On a lark, I e-mailed back and asked whether I, a lowly blogger, qualified as "press." I was hoping the answer was in the affirmative, but I wouldn't have been surprised if it was a stern and parental no. After all, they ("the press") get paid to write about this stuff. I don't.
After checking with WTAE, they got back to me saying the answer was yes, I could attend the debate. I'd be sitting in a room next to the studio with the other members of the press who weren't participating in the debate.
This, in fact, is that room.
That enormous grey door on the left side of the picture led into the studio. I got to sit next to Dan Majors (of the P-G) and David Browne (of the Trib).
To make a long story short, after the debate we "press" folks went through the big doors to ask the candidates any follow up questions we might have. A LOT of them were about the Mayor's charge that DeSantis had "sold the city down the river" for the FOP endorsement.
I had two questions for the candidates. They were:
- Is there anything that hadn't been raised in the debate that you wanted to mention?
- How do you think you did?
I know, they're not the greatest questions, but I thought they were fair and reasonable if a bit tepid. But I figured I was on someone else's turf (WTAE's) and I didn't want to do anything that would make the rest of us look bad.
I asked Mr DeSantis first. And to be honest, he gave a rather pat answer. There wasn't anything that wasn't in the debate that he needed to bring up, he said, and he thought he did OK, though it's the people who will be deciding on how well he did.

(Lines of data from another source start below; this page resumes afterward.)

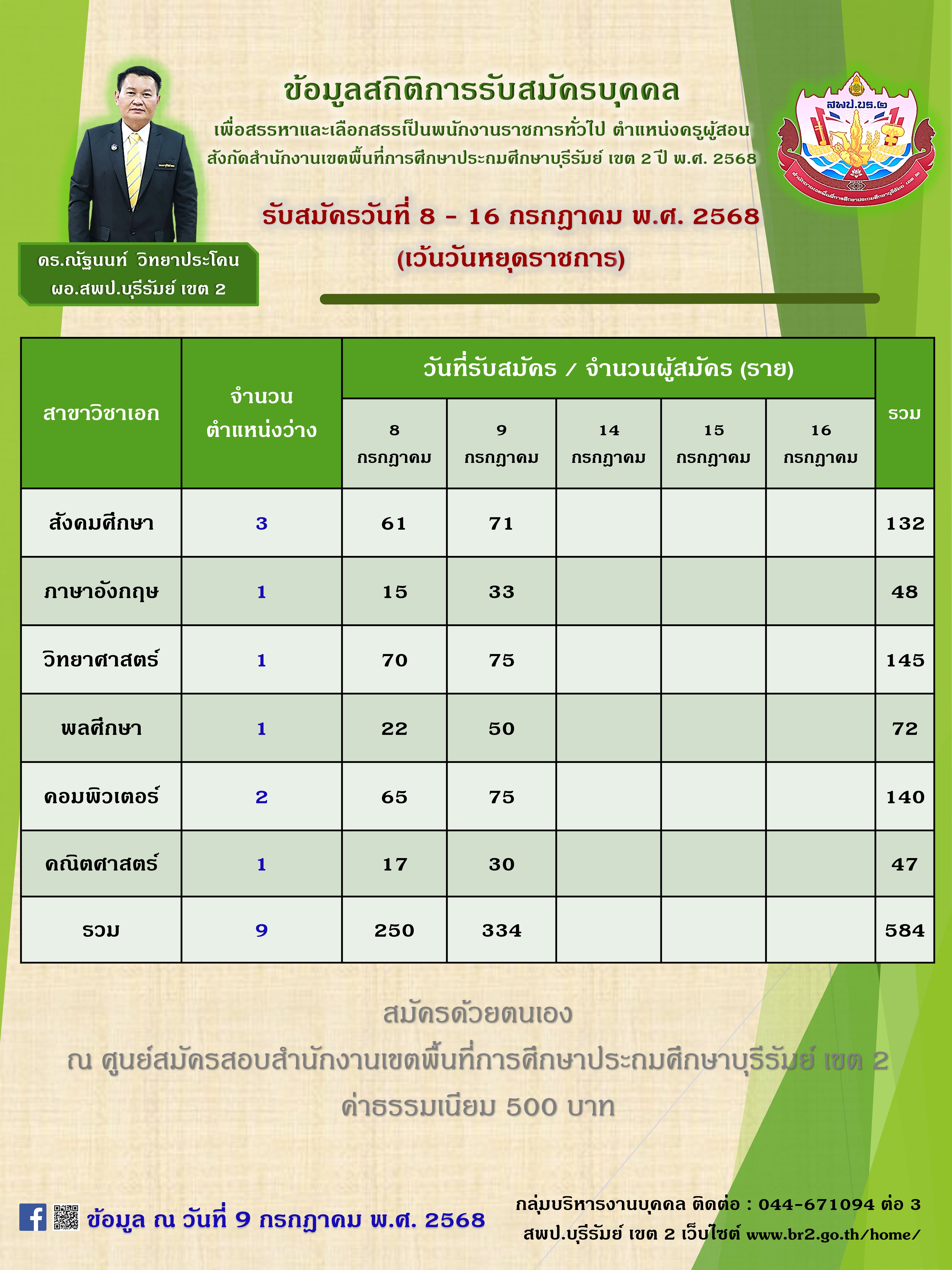 สถิติการรับสมัครบุคคลเพื่อสรรหาและเลือกสรรเป็นพนักงานราชการทั่วไป ตำแหน่งครูผู้สอน สังกัด สพป.บุรีรัมย์ เขต 2 ประจำวันที่ 9 กรกฎาคม 2568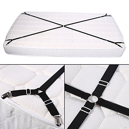 Make your life easier, this crisscross bed sheet gripper works with all types of bedding. They secure fitted sheets, flat sheets, mattress pads, and even ironing board covers
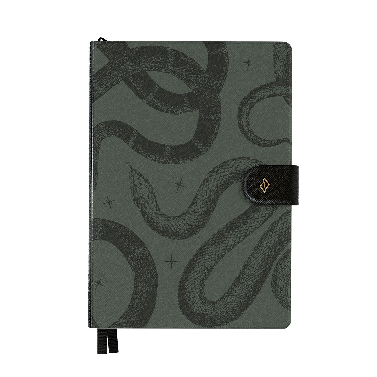 Envolvida numa elegante pele Saffiano vegana e presa com um elegante fecho magnético, é suficientemente durável para aguentar os derrames de café e os pequenos momentos desastrados da vida.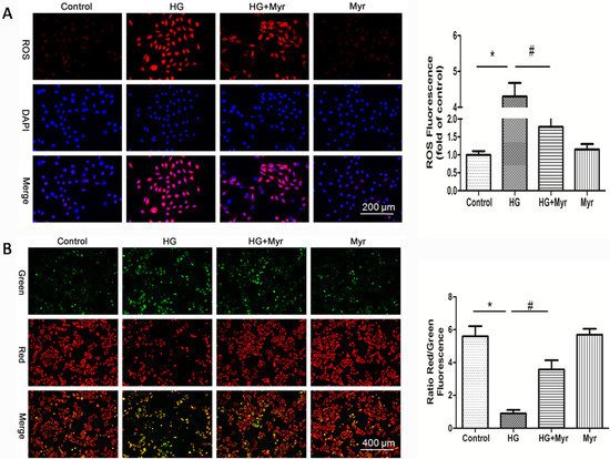 2.3. Myricitrin Suppresses HG-Induced Mitochondrial Superoxide (ROS) Production and Reduced MMP in H9c2 Cells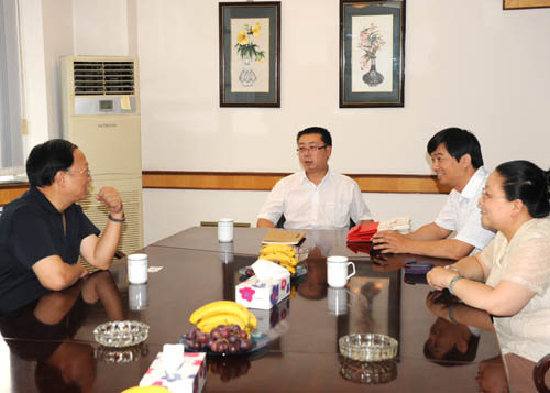 蒋浩宇副总经理向章德基介绍情况 苏州市政协副秘书长、苏州市民主评议政风、行风小组组长章德基在开放日当天也来公司参观职场,并对公司客户节开放职场的活动给予了高度评价。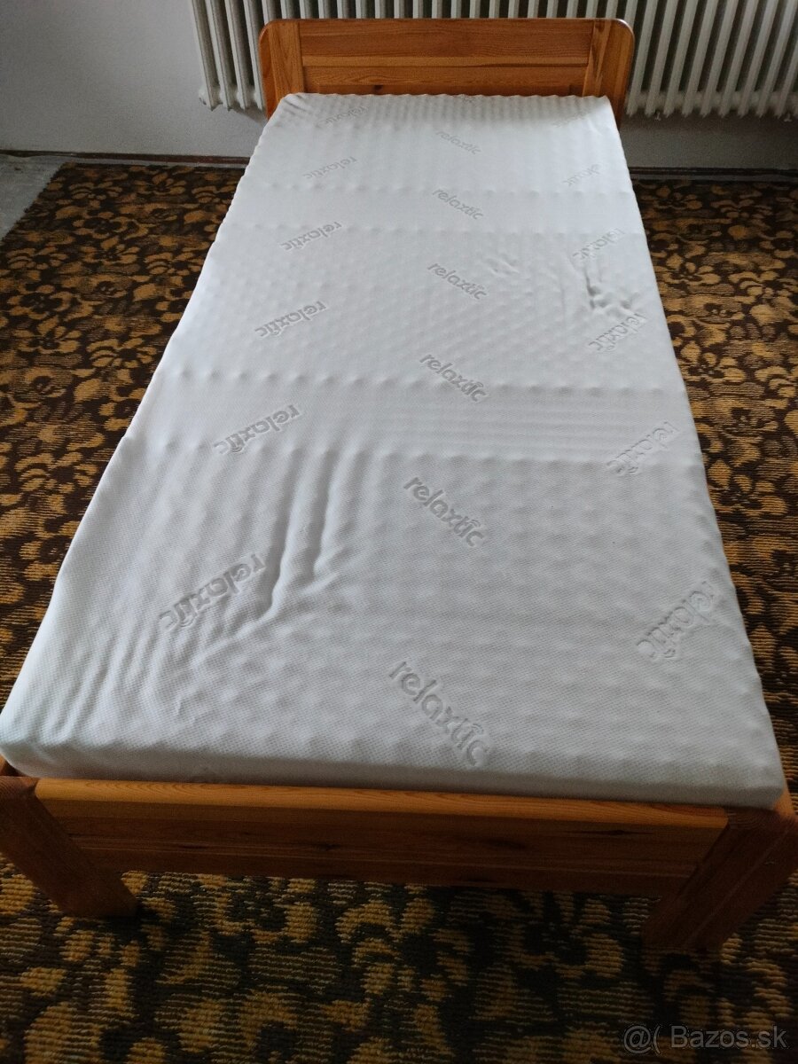 predám drevenú posteľ s matracom, takmer nepoužívanú vhodnú do detskej alebo študentskej izby, rozmery 90x200 cm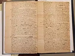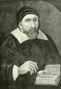 In 1693 Mather also began work on a grand intellectual project that he titled Biblia Americana, which sought to provide a commentary and interpretation of the Christian Bible in light of "all of the Learning in the World".[49] Mather, who continued to work on it for many years, sought to incorporate into his reading of Scripture the new scientific knowledge and theories, including geography, heliocentrism, atomism, and Newtonianism. According to Silverman, the project "looks forward to Mather's becoming probably the most influential spokesman in New England for a rationalized, scientized Christianity."[50] Mather could not find a publisher for the Biblia Americana, which remained in manuscript form during his lifetime. It is currently being edited in ten volumes, published by Mohr Siebeck under the direction of Reiner Smolinski and Jan Stievermann. As of 2023, seven of the ten volumes have appeared in print.[51]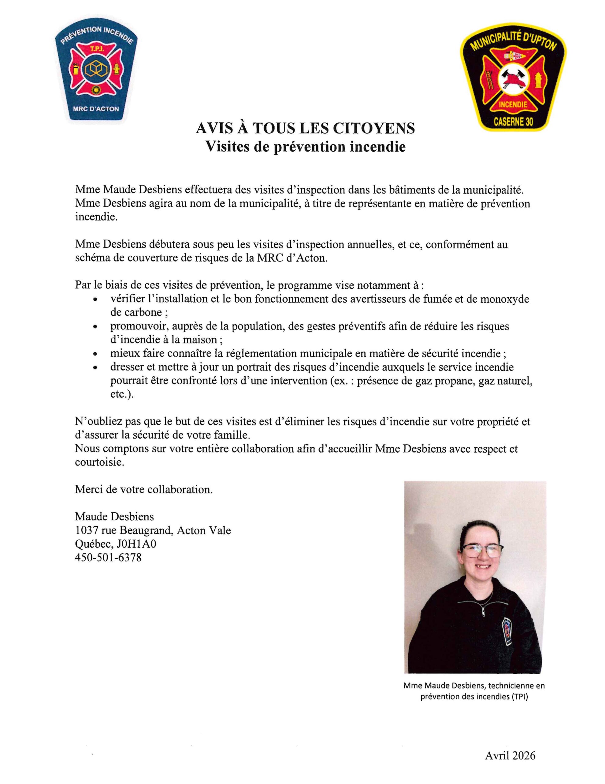****AVIS DE LA MUNICIPALITÉ D'UPTON**** [...]

Then I made my way over to the Mayor. He was finishing a round of questions from (I think) David Highfield (of KDKA) on whether there was anything he's done as mayor that he regretted. As soon as Mayor gave his answer and Highfield moved away, I asked the mayor for a few seconds.
He asked who I was (a fair enough question, I thought, as I was a new face) and as we shook hands, I introduced myself as "David DeAngelo, 2 Political Junkies." I don't think I got to the end of the word "junkies" when he interrupted me with a quick, "I'm not interested, thanks." He turned and walked away, right out the door.Wow, I thought. I just got dissed by the Mayor of the City of Pittsburgh.
As he had no idea what I was going to ask, he must have thought I had a doozy of a question picked out for him - one that he wasn't interested in answering.